Viola Davis and Taraji P. Henson on the cover of the Hollywood Reporter
The Hollywood Reporter
Viola Davis and Taraji P. Henson on the cover of the Hollywood Reporter
The Hollywood Reporter

Probably one of the worst parts about stereotypes is when the person being stereotyped starts believing the hype. 


During a candid roundtable discussion hosted by the Hollywood Reporter about what the acting profession is like for women in Hollywood, Viola Davis admitted that she cringed when she first saw herself on TV playing Annalise Keating in How to Get Away With Murder.  

Keating is a "sexualized" woman, Davis explained, and so she had a hard time reconciling how an older, chocolate-complexioned woman who played "mommified' roles her entire career was going to sell, well, sex. 

"There was absolutely no precedent for it. I had never seen a 49-year-old, dark-skinned woman who is not a size 2 be a sexualized role in TV or film," Davis said.

Davis described how she shuddered when she first saw herself in the pilot episode and began doubting whether people were going to believe that a woman who looked like her, could, in fact, embody Keating. 

"When I saw myself for the first time in the pilot episode, I was mortified. I saw the fake eyelashes and, 'Are you kidding me? Who is going to believe this?' " 

But then Davis said she had an "aha moment," and she told herself to snap out of it, stop typecasting herself and believe that, yes, she could be lusted after, smart and thrown up against the wall during a fiery sex scene. 

"And then I thought, 'OK, this is your moment to not typecast yourself, to play a woman who is sexualized and do your investigative work to find out who this woman is and put a real woman on TV who's smack-dab in the midst of this pop fiction,'" Davis said. 

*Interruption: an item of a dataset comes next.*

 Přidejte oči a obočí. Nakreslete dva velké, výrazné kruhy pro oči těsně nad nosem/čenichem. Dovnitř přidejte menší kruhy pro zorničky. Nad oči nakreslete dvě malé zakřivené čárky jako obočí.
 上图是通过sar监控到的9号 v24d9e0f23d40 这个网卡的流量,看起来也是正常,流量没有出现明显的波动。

Taraji P. Henson was the other African-American woman at the table—the other actresses present were Lizzy Caplan, Maggie Gyllenhaal, Jessica Lange and Ruth Wilson. Henson opened up about how the first rejection she ever received about her acting occurred in high school. The moment nearly caused her to give up acting altogether.

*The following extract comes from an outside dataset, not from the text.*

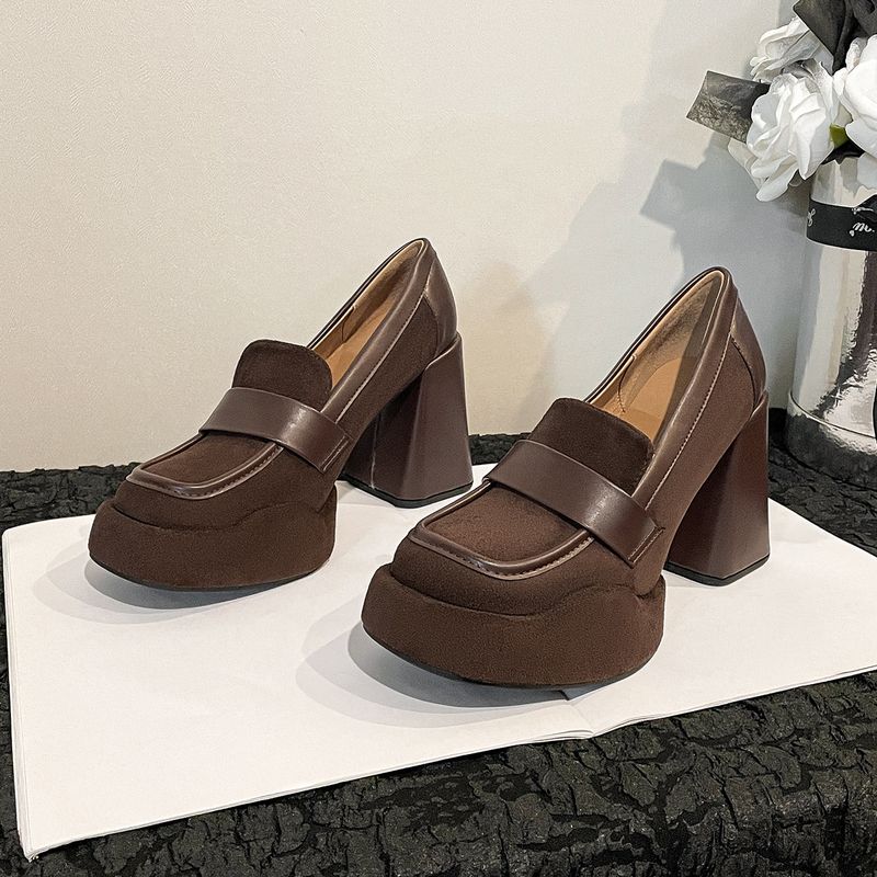 Nischendesign Dicke Sohle Klobige Tiefe Mund Einzelschuhe Für Frauen Neue Frühjahr Neue Square Toe High Heel Loafers

"I auditioned for Duke Ellington School of the Arts in Washington, D.C., and didn't get accepted. At that age, their word was law. It meant I couldn't act! So I went to college to be an electrical engineer," Henson explained.

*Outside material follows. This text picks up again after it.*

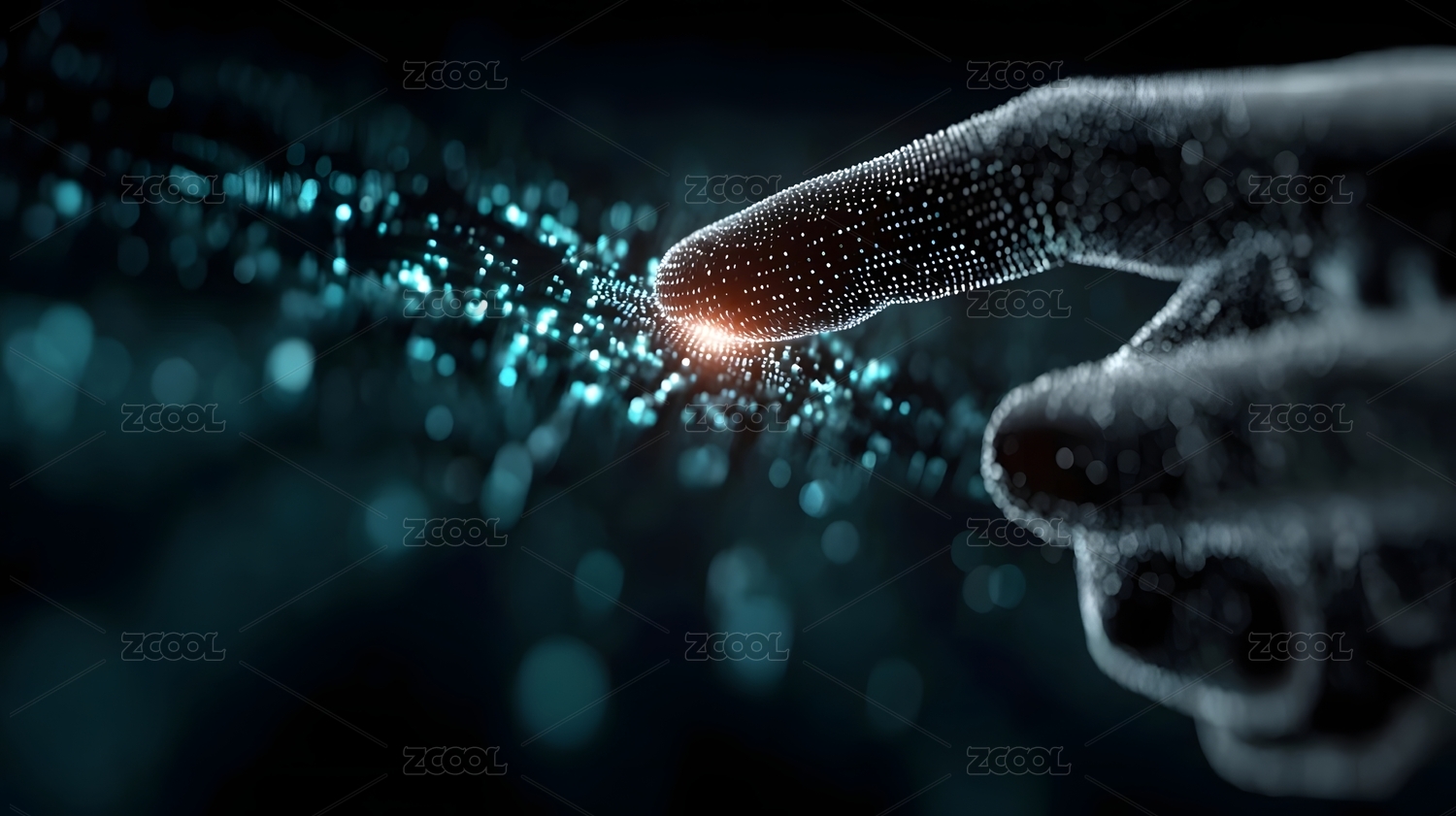 数字手指触碰光点释放数据粒子

Fortunately, Henson got back on track at Howard University by enrolling in theater courses. It paid off. Today she can't get her friends to stop talking about her hit role as Cookie in Fox's Empire.

Henson also spoke about the responsibility she feels toward her characters, regardless of their situation, and that it's often the more controversial, complex personalities that she's drawn to as an actress. 


"Playing a pregnant whore in Hustle & Flow. No one wanted to touch that movie. But when a character scares me like that, I tell myself, 'Taraji, it's your job to make the people empathize with her,' " Henson said. "I wanted people to reach through the screen and hug her. Go find that ho on the corner and save her!"